What are the benefits of nursery rhymes?

Nursery rhymes may just seem like a bit of fun

Nursery rhymes may just seem like a bit of fun, a way to spend time and interact with your children or just a quick and easy way to distract them but the truth is nursery rhymes have so many more benefits for your child, both in the long and the short term and are incredibly powerful influencers in pre-school development.

Nursery rhymes provide bite-sized learning opportunities for young children to develop key developmental skills and can often be the trigger for hours of creative and open-ended play. They are a powerful learning source in early literacy and enable children to become interested in the rhythm and patterns of language.

Consider the alliteration in “A Sailor Went to Sea Sea Sea”, or the onomatopoeia in “Baa Baa Black Sheep” and rhyme in “Twinkle Twinkle Little Star”. Many nursery rhymes are also repetitive which can support the development of memory and kickstart the practice of listening and speaking.

Benefits of teaching your child nursery rhymes

Children are excited to learn about individuals who live in shoes or a cow who can jump over a moon. Nursery rhymes help your child learn to have a vivid imagination filled with colourful characters and various languages. There are also a number of key skills / development areas that can be influenced by simple nursery rhymes.

Cognitive Development

Repetition of rhymes and stories is good for the brain, teaching how language works and improving memory, concentration, spatial intelligence and thinking skills. Because these verses are made up of patterns, they are easy first memorization pieces. Nursery rhymes are organised so that similar sounds jump out at you, which doesn’t happen in everyday speech. Nursery rhymes help your child’s brain segment words into syllables, hear similarities between words that rhyme or start with the same sounds.

Language and Literacy Skills

Rhymes are fantastic vocabulary boosters. They often feature a pleasing rhythmic pattern and simple repetitive phrases that babies and young children find easy to remember and repeat. In order to develop their phonological awareness, children need to be repeatedly exposed to spoken language and nursery rhymes provide the perfect way to do this.

Numeracy and Maths

Nursery rhymes are a great way to start familiarising your child with numbers. They’re full of patterns, sequencing, numbers, and counting (forward and backward). For instance, you might ask your son or daughter questions like; “How many blind mice were there?” They also discuss size, weight and other important math vocabularies.

Physical Development

The opportunity to ‘act out’ a favourite rhyme will be a welcome activity for active minds and fidgety bodies. Physical participation in action songs encourage children to develop their fine and gross motor control skills as well as balance, coordination and the skills needed to follow simple instructions.
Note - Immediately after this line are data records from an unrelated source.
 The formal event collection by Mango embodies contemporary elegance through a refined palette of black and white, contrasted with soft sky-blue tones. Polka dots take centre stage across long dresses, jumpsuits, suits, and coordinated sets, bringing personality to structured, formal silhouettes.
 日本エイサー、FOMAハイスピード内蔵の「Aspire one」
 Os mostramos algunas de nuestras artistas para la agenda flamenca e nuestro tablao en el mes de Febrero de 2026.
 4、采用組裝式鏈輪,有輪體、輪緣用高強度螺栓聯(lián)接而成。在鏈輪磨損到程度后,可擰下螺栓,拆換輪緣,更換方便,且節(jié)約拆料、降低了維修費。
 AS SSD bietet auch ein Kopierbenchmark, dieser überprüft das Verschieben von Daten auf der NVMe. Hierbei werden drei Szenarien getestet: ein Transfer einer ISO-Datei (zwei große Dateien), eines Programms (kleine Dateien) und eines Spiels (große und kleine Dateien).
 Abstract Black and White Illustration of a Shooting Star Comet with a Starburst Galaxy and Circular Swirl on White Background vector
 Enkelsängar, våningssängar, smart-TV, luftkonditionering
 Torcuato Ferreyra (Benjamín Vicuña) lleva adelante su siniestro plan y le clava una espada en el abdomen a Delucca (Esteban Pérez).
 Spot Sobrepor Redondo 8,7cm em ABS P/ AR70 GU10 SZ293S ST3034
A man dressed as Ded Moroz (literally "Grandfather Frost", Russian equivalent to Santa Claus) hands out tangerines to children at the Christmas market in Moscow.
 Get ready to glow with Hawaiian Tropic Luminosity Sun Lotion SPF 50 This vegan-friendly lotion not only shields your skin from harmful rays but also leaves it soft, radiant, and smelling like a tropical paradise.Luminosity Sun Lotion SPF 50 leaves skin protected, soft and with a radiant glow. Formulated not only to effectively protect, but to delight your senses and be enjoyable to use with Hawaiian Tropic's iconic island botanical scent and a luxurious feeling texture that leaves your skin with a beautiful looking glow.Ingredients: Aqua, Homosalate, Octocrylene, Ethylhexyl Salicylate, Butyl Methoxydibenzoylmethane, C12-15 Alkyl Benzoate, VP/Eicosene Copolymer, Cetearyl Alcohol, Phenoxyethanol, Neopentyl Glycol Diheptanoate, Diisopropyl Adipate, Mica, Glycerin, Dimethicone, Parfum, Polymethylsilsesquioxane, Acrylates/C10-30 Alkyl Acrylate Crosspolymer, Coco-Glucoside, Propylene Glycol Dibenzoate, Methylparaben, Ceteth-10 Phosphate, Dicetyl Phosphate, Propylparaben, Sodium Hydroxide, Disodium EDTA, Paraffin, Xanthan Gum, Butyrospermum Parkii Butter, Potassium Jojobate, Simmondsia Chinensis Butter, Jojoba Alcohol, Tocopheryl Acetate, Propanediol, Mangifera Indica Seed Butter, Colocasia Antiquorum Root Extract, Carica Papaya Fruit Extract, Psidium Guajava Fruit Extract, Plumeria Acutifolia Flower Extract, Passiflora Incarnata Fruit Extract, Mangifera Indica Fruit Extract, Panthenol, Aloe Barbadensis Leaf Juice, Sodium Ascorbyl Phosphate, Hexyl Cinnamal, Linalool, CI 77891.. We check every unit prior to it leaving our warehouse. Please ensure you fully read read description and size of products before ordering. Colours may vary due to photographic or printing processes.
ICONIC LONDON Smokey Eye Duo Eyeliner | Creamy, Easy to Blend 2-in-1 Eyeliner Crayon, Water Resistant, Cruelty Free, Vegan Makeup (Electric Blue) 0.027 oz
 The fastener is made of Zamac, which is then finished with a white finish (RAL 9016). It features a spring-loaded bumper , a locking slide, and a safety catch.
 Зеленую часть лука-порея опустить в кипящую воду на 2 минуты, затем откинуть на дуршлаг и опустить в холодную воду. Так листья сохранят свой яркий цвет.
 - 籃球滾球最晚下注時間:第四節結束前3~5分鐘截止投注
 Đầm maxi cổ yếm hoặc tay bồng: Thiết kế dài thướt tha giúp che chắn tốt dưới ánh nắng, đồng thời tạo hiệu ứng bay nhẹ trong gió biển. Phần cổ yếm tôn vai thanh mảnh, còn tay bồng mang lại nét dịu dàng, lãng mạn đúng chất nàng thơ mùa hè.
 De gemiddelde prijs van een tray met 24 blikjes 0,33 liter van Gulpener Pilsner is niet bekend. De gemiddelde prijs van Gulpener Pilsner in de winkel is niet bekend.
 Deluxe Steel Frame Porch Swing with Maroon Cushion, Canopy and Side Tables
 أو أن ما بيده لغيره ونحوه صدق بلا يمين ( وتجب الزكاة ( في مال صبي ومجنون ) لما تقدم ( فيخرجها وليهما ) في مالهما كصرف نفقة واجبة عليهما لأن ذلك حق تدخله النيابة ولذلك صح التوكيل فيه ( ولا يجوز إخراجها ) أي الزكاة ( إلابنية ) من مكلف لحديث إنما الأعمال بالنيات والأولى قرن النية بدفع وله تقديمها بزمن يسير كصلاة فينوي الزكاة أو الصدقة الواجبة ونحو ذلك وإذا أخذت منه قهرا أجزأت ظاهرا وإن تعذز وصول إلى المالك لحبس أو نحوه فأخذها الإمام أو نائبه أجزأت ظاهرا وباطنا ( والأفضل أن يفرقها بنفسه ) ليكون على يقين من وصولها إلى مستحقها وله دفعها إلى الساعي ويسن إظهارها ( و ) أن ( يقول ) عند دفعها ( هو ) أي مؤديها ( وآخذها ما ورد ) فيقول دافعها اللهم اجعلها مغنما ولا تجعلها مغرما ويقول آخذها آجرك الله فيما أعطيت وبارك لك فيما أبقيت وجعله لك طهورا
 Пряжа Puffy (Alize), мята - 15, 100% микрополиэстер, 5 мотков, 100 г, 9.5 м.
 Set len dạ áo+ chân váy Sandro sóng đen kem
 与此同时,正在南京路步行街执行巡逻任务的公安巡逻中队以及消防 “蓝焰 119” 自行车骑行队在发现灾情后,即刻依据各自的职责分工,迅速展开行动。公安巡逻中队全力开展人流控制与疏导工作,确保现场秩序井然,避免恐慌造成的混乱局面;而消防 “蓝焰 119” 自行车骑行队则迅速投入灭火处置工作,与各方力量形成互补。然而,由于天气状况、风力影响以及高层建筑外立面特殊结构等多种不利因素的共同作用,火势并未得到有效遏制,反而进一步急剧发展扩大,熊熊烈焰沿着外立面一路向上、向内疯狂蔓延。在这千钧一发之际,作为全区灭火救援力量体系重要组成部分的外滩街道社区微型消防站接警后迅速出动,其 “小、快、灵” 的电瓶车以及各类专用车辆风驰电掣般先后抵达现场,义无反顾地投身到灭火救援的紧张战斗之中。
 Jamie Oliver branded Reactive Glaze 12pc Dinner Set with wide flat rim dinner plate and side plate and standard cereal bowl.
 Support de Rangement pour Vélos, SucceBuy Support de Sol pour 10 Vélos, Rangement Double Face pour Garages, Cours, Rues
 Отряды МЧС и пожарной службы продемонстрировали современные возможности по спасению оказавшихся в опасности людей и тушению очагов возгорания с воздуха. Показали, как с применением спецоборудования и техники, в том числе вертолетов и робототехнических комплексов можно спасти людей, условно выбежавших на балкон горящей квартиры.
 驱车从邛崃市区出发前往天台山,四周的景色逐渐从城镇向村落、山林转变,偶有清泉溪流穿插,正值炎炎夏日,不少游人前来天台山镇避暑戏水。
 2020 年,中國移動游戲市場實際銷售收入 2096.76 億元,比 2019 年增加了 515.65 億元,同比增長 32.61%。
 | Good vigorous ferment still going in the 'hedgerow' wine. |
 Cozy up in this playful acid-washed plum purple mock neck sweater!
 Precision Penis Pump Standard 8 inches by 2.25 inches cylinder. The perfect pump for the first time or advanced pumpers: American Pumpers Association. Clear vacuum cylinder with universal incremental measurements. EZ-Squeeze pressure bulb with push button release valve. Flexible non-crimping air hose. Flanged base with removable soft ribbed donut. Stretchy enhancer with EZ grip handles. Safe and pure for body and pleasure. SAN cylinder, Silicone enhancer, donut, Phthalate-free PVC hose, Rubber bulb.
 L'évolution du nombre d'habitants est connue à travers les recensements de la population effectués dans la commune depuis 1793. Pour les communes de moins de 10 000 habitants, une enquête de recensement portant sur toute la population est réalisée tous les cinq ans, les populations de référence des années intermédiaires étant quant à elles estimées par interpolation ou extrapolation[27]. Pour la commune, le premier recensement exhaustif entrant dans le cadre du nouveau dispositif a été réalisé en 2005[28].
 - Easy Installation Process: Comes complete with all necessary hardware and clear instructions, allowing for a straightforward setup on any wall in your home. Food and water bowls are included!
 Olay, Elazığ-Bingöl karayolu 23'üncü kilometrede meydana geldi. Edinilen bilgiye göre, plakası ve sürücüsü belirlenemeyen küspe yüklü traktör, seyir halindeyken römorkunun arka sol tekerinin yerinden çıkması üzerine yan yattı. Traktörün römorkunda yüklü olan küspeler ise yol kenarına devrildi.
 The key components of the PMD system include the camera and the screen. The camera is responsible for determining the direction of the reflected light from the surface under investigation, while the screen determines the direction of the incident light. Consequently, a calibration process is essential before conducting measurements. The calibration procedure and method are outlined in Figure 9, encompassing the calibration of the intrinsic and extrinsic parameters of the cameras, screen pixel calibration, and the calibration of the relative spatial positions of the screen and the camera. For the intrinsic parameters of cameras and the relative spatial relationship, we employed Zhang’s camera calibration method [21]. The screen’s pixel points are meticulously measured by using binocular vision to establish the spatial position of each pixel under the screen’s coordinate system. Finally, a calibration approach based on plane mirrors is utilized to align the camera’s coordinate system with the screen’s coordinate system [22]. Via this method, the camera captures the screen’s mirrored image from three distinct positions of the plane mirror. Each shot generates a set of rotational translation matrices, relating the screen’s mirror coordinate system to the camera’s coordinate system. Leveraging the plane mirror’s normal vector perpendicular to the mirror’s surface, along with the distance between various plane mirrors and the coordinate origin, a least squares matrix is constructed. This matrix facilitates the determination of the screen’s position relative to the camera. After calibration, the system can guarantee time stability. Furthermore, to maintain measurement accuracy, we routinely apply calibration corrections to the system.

Nursery rhymes may just seem like a bit of fun, a way to spend time and interact with your children or just a quick and easy way to distract them but the truth is nursery rhymes have so many more benefits for your child, both in the long and the short term and are incredibly powerful influencers in pre-school development.
CREDIT: CDC / UNSPLASH

Development of Social Routines

There are lots of fun nursery rhymes that you can sing in two parts. Teaching your child when they should tell their part in the rhyme contributes to their development of social skills. What is more, your child will also learn important conversation lessons, such as turn-taking and listening.

Understanding of Concepts: Painting Pictures in Children’s Heads

When you teach your child nursery rhymes, you are contributing to their creative development. When you talk to your child from the moment they are born, through to their years of learning how to talk, you are equipping them with a solid vocabulary base.

What is more, children also learn to understand abstract concepts like big, small, in front, behind, first and last. The words used in nursery rhymes help children develop language comprehension by associating words with people, objects, and events in their daily life.

Listening Skills

When you read nursery rhymes to your child, you are telling them a story. Because of the rhyming words, the storyline, and your pronunciation, children are lured into the story and pay attention to you. This helps them make sense of the story and at the same time makes them good listeners.

So, remember every time you cringe from hearing “Humpty Dumpty” or “Hey Diddle Diddle,” just focus on how important these classics are to your child’s growth plus they are an excellent means of spending time together with your child and developing a close relationship.